As a leader, you want to do everything you can to ensure that your business has the best shot at success. One step toward accomplishing this goal is to create a business continuity plan, which lists instructions and specific procedures for a company to follow should a disaster strike. A business continuity plan helps an organization quickly regain their business functions after an incident, which could be anything from a fire to a cyberattack.
Creating a Business Continuity Plan
If you’re starting from scratch without a business continuity plan, your first step should be to analyze your business and decide which areas are the most vulnerable. Afterward, you can calculate how much your business would stand to lose if processes should stop for a day or a week. Once you determine key critical functions, you can calculate the limit of acceptable downtime.
Next, you should create a checklist of equipment, key contact information, the location of backup sites, and any other information that would be helpful to have in a single, convenient location in an emergency.
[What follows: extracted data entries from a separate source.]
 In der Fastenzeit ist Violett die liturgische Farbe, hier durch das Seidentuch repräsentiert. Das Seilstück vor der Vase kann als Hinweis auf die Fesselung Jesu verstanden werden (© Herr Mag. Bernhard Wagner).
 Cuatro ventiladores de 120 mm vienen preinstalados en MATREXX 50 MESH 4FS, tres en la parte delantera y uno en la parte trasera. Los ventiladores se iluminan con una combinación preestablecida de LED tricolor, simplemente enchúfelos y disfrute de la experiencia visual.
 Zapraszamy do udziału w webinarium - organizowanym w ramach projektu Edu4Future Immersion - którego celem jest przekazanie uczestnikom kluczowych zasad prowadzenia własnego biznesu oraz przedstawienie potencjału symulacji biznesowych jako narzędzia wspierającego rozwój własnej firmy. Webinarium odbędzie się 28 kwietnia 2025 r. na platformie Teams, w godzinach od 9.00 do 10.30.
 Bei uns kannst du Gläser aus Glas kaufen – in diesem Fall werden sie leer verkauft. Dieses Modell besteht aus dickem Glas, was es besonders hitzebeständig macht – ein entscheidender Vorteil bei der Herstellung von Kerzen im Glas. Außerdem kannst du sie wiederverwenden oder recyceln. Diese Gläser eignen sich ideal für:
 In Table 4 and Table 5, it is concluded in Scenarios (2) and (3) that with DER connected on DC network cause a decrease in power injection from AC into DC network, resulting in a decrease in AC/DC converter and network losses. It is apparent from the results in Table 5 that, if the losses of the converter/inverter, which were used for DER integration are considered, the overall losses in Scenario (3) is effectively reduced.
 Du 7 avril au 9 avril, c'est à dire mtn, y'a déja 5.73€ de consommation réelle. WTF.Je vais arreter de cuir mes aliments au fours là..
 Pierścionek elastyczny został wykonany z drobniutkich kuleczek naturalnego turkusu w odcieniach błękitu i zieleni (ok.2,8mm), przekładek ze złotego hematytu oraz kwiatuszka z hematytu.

When you develop your plan, see if you can speak with anyone who has successfully guided their organization through a disaster. They may be able to offer you valuable advice regarding what did and did not work for their business.
Test Your Plan
Having a business continuity plan is great, but you will never truly know if it will work unless you actually test it. When you do a trial run, don’t just go with an easy scenario. Doing the bare minimum will not create a strong plan, but going above and beyond in creating a complex situation will. Testing your plan can take place at a table where the team examines it closely, or team members can perform a structured walk-through. Experts suggest implementing disaster simulation testing annually.
Review and Update Your Plan
Business continuity plans require significant time and effort. If you fail to review and update your plan regularly, all of that effort will go to waste! During any given period of time, your business will see changes such as staff turnover or updates to technology. Remaining flexible is highly important. Simply having a plan in place is not good enough. Your strategy needs to be tested and updated on a regular basis.